Good Habit: Only use sterile contact lens solution recommended by your eye care professional for rinsing and storing your lenses. Never use tap water or saliva, even in emergencies.


4. Ignoring Replacement Schedules



Bad Habit: Overwearing or neglecting to replace your contact lenses according to the prescribed schedule can lead to discomfort, reduced vision, and an increased risk of eye infections.


Good Habit: Adhere to the replacement schedule provided by your eye care professional. Daily disposable lenses should be discarded after a single use, while monthly or extended-wear lenses should be replaced as directed.


5. Ignoring Red Flags


Bad Habit: Dismissing signs of eye irritation, redness, pain, or blurred vision as temporary inconveniences can be dangerous. These could be early signs of an eye infection or other issues.


Good Habit: If you experience any discomfort, redness, or changes in vision while wearing contact lenses, remove them immediately and consult your eye care professional. Don't ignore the warning signs.


6. Not Regularly Visiting Your Eye Care Professional



Bad Habit: Skipping regular eye exams is a mistake.
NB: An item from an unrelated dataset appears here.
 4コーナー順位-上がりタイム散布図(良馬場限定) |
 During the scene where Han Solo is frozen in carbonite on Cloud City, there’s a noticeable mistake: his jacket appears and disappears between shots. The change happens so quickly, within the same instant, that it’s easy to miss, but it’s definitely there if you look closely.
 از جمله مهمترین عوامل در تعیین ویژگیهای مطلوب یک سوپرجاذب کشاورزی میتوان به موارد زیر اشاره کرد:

Routine check-ups are essential for monitoring eye health, updating prescriptions, and ensuring your lenses fit correctly.
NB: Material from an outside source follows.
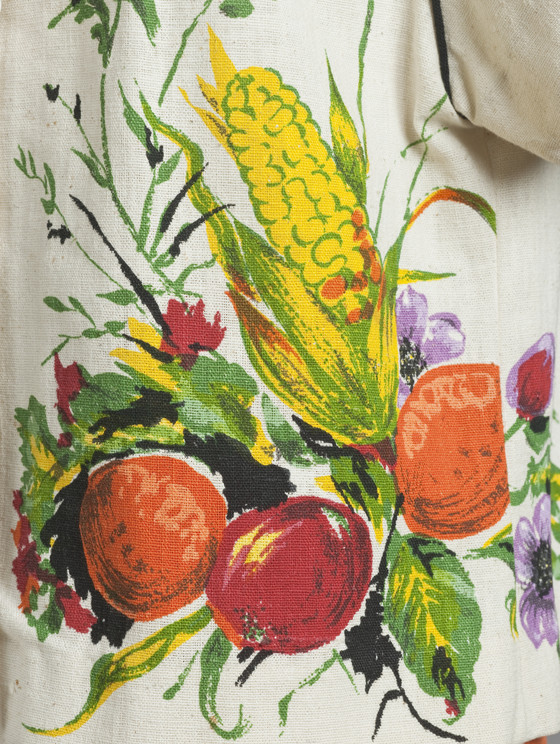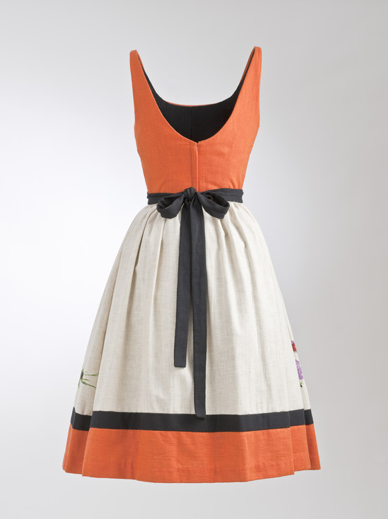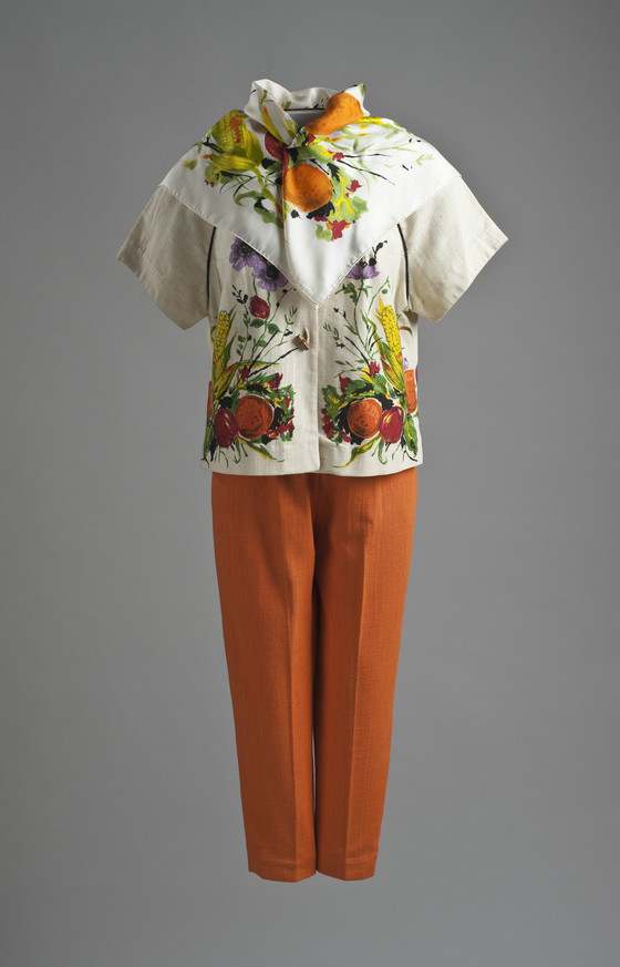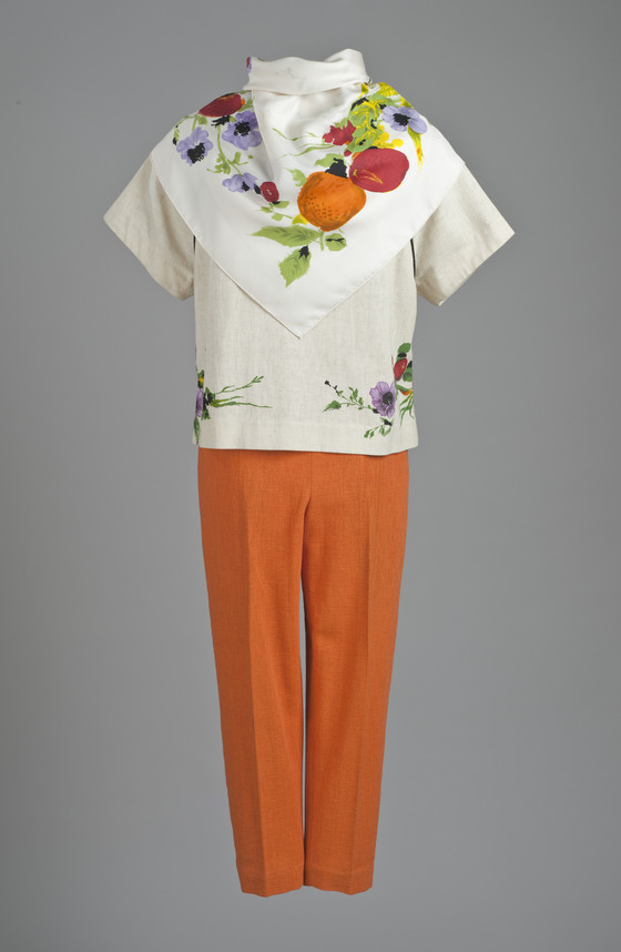 a) Dress: Linen plain weave, printed, linen plain weave; b) Blouse: Linen plain weave, printed, with linen plain weave trim, and bamboo buttons; c) Pants: Linen plain weave; d) Scarf: Silk twill, printed.
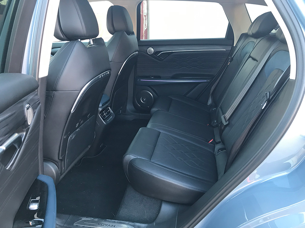 La segunda fila presenta un gran espacio para las rodillas, cabeza e incluso hombros. Los casi 3 metros de distancia entre ejes y la ausencia de un túnel de transmisión central facilitan mucho ese confort interior; eso sí, hecho en falta, la regulación de temperatura en la segunda fila.

Good Habit: Schedule and attend regular eye exams as recommended by your eye care professional. They can detect potential problems early, ensuring you enjoy clear vision and healthy eyes.


7. Poor Hand Hygiene


Bad Habit: Failing to wash your hands thoroughly before handling your contact lenses can transfer bacteria and dirt to the lenses, increasing the risk of eye infections.


Good Habit: Always wash your hands with soap and water before touching your contact lenses. Dry them with a clean, lint-free towel to avoid introducing contaminants.


 

By breaking these bad contact lens habits and adopting good ones, you can enjoy clear vision while safeguarding your eye health. Remember that caring for your contact lenses is not just about comfort—it's about keeping your eyes safe and healthy. If you have questions or concerns about your contact lens habits, don't hesitate to consult your eye care professional for guidance and advice.